Records provided:
%%

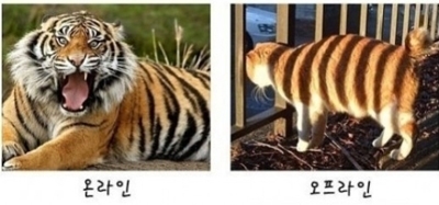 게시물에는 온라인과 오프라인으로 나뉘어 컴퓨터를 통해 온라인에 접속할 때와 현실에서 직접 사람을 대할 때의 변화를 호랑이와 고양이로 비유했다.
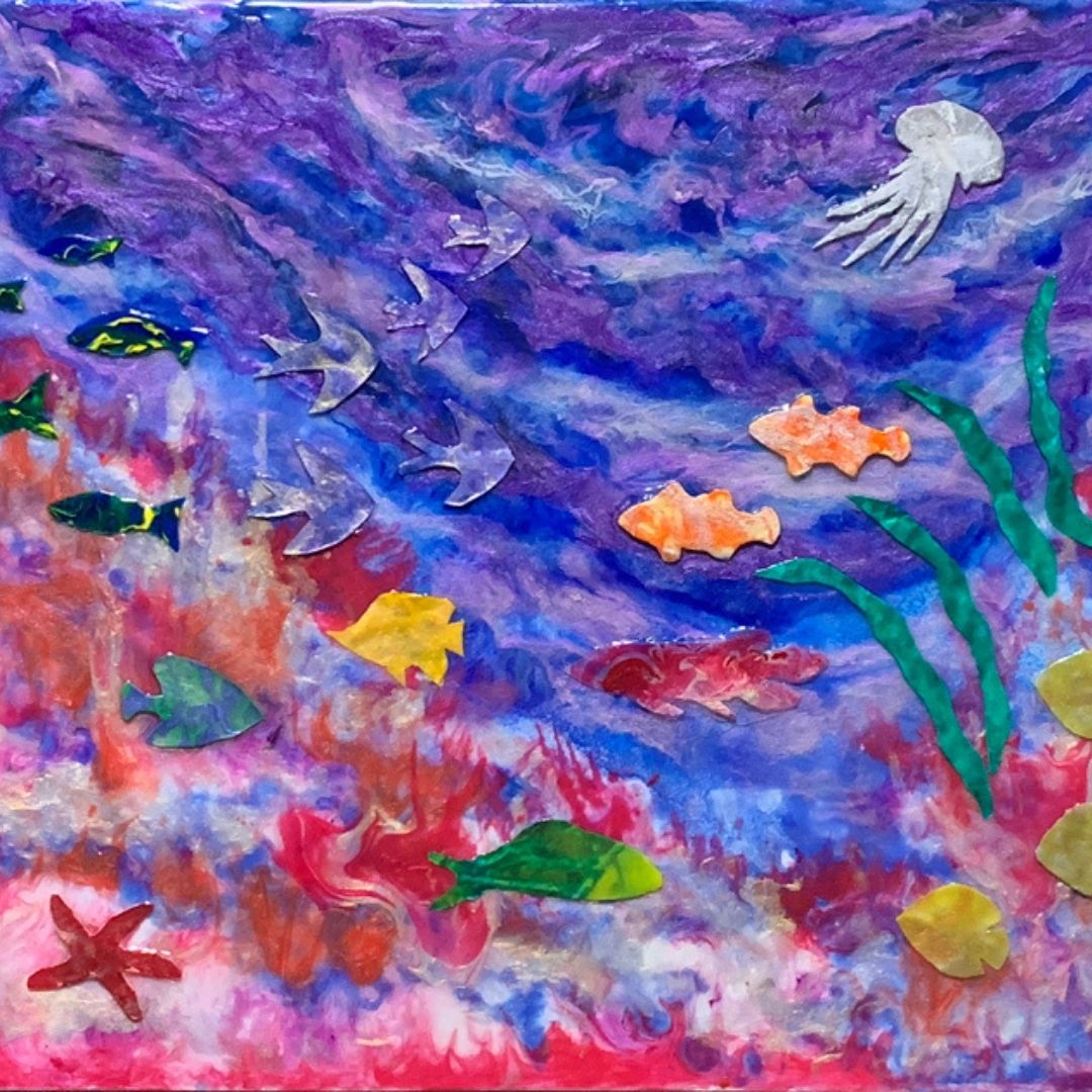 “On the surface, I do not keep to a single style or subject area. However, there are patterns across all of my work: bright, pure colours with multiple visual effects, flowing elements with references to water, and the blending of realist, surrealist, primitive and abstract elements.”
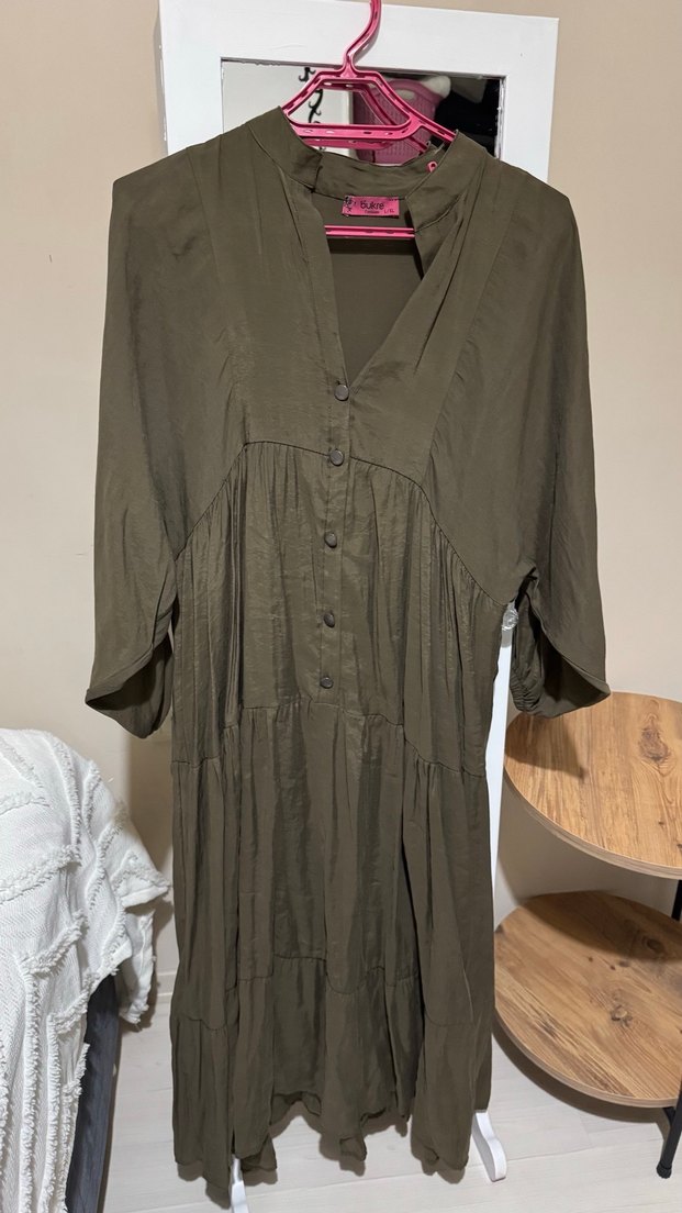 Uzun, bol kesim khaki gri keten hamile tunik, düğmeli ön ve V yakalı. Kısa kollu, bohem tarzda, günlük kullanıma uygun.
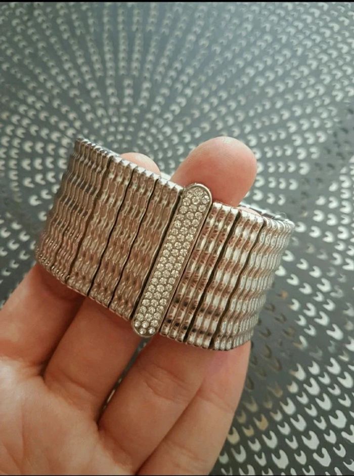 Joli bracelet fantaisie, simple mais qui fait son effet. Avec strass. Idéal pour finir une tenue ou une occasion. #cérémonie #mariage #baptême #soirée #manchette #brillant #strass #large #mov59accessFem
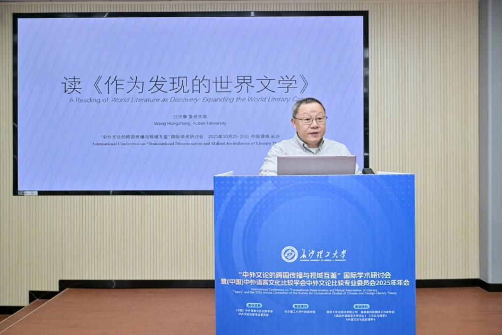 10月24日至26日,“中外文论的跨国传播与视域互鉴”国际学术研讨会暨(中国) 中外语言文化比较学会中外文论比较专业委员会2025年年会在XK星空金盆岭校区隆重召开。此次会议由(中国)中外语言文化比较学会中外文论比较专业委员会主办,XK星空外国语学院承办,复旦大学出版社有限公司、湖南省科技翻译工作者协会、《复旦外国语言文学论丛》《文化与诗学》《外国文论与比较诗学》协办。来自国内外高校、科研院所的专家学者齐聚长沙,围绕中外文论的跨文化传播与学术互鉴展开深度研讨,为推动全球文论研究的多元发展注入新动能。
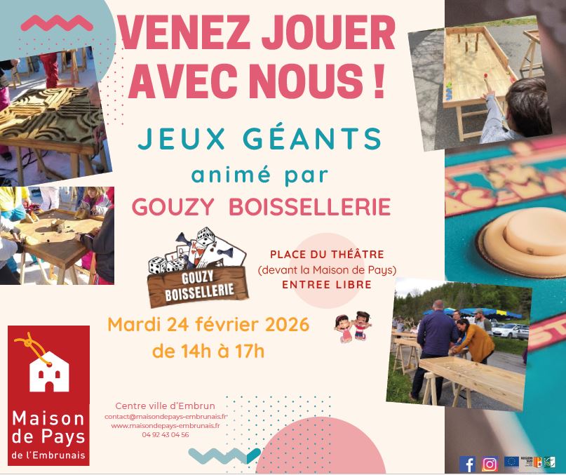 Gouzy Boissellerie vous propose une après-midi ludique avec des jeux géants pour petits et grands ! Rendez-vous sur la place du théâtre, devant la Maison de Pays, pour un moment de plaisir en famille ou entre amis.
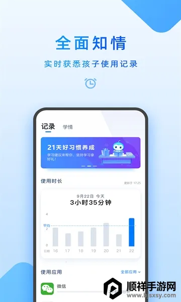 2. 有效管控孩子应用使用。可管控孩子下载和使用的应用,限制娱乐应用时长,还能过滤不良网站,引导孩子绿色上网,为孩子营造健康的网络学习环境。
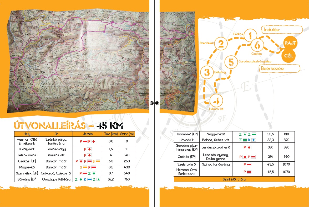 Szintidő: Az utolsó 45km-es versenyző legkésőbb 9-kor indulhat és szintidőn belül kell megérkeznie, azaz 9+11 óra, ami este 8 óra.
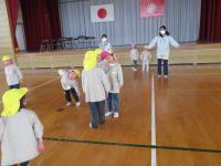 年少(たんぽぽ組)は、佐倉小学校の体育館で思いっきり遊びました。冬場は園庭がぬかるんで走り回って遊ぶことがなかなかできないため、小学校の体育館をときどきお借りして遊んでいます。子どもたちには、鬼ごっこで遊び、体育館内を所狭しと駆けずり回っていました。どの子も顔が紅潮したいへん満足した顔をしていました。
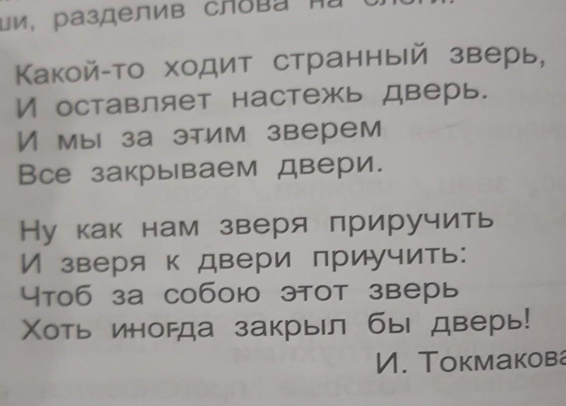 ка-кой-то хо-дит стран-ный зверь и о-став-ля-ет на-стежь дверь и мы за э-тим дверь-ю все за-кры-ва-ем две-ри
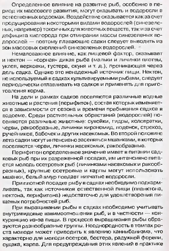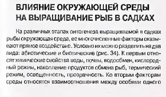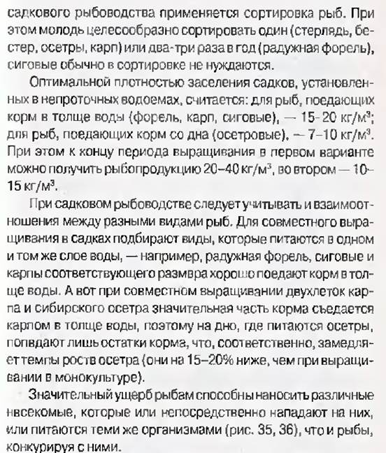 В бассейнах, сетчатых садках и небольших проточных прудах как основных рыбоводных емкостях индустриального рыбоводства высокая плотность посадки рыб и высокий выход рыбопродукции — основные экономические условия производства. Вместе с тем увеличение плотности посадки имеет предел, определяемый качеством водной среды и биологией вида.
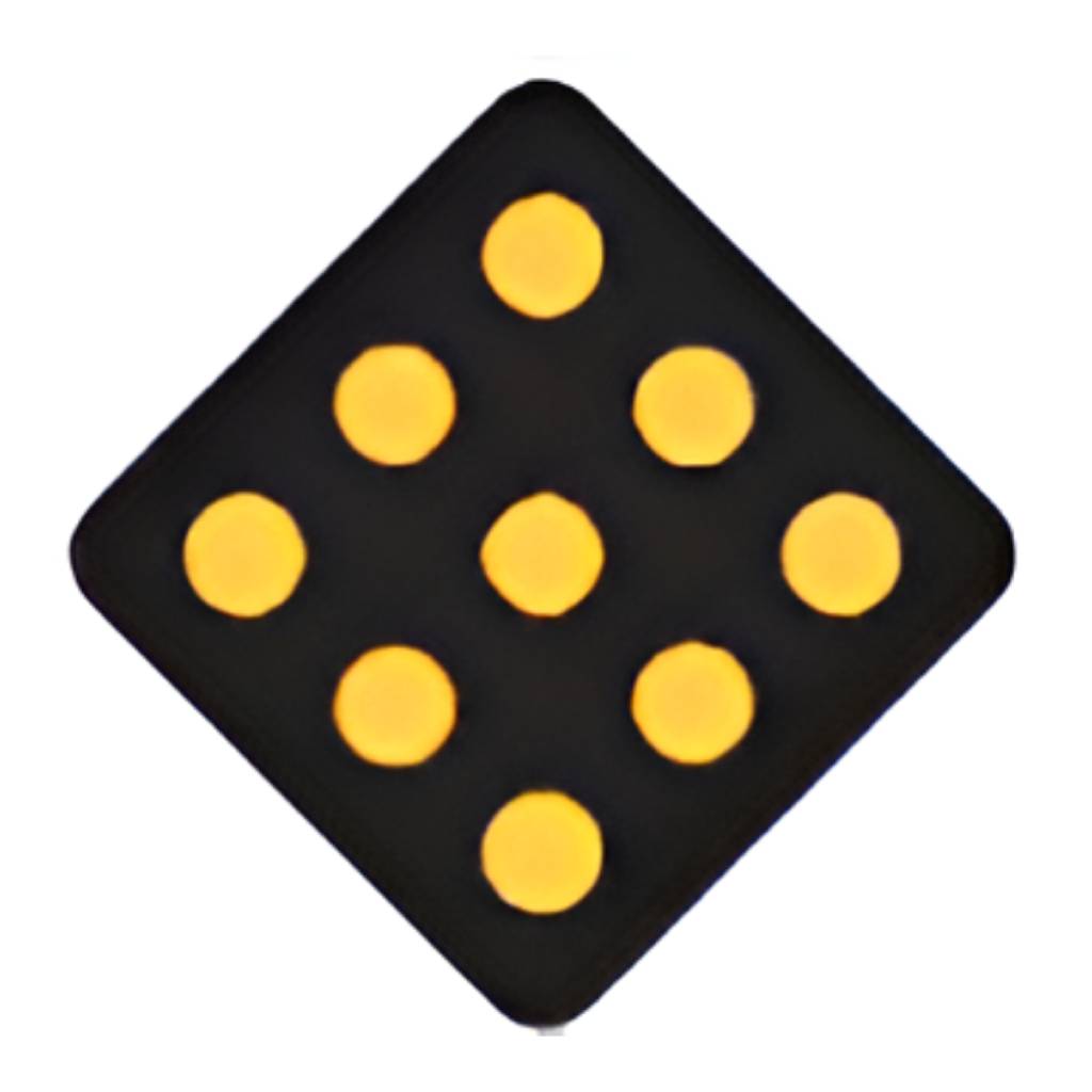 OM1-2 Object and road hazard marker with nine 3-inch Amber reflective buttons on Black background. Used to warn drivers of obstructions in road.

%%

Your objective:
In your copy of the listing above, reproduce each line exactly and omit all pictures.

Worked solution:
 게시물에는 온라인과 오프라인으로 나뉘어 컴퓨터를 통해 온라인에 접속할 때와 현실에서 직접 사람을 대할 때의 변화를 호랑이와 고양이로 비유했다.
 “On the surface, I do not keep to a single style or subject area. However, there are patterns across all of my work: bright, pure colours with multiple visual effects, flowing elements with references to water, and the blending of realist, surrealist, primitive and abstract elements.”
 Uzun, bol kesim khaki gri keten hamile tunik, düğmeli ön ve V yakalı. Kısa kollu, bohem tarzda, günlük kullanıma uygun.
 Joli bracelet fantaisie, simple mais qui fait son effet. Avec strass. Idéal pour finir une tenue ou une occasion. #cérémonie #mariage #baptême #soirée #manchette #brillant #strass #large #mov59accessFem
 10月24日至26日,“中外文论的跨国传播与视域互鉴”国际学术研讨会暨(中国) 中外语言文化比较学会中外文论比较专业委员会2025年年会在XK星空金盆岭校区隆重召开。此次会议由(中国)中外语言文化比较学会中外文论比较专业委员会主办,XK星空外国语学院承办,复旦大学出版社有限公司、湖南省科技翻译工作者协会、《复旦外国语言文学论丛》《文化与诗学》《外国文论与比较诗学》协办。来自国内外高校、科研院所的专家学者齐聚长沙,围绕中外文论的跨文化传播与学术互鉴展开深度研讨,为推动全球文论研究的多元发展注入新动能。
 Gouzy Boissellerie vous propose une après-midi ludique avec des jeux géants pour petits et grands ! Rendez-vous sur la place du théâtre, devant la Maison de Pays, pour un moment de plaisir en famille ou entre amis.
 2. 有效管控孩子应用使用。可管控孩子下载和使用的应用,限制娱乐应用时长,还能过滤不良网站,引导孩子绿色上网,为孩子营造健康的网络学习环境。
 Szintidő: Az utolsó 45km-es versenyző legkésőbb 9-kor indulhat és szintidőn belül kell megérkeznie, azaz 9+11 óra, ami este 8 óra.
 年少(たんぽぽ組)は、佐倉小学校の体育館で思いっきり遊びました。冬場は園庭がぬかるんで走り回って遊ぶことがなかなかできないため、小学校の体育館をときどきお借りして遊んでいます。子どもたちには、鬼ごっこで遊び、体育館内を所狭しと駆けずり回っていました。どの子も顔が紅潮したいへん満足した顔をしていました。
 ка-кой-то хо-дит стран-ный зверь и о-став-ля-ет на-стежь дверь и мы за э-тим дверь-ю все за-кры-ва-ем две-ри
 В бассейнах, сетчатых садках и небольших проточных прудах как основных рыбоводных емкостях индустриального рыбоводства высокая плотность посадки рыб и высокий выход рыбопродукции — основные экономические условия производства. Вместе с тем увеличение плотности посадки имеет предел, определяемый качеством водной среды и биологией вида.
 OM1-2 Object and road hazard marker with nine 3-inch Amber reflective buttons on Black background. Used to warn drivers of obstructions in road.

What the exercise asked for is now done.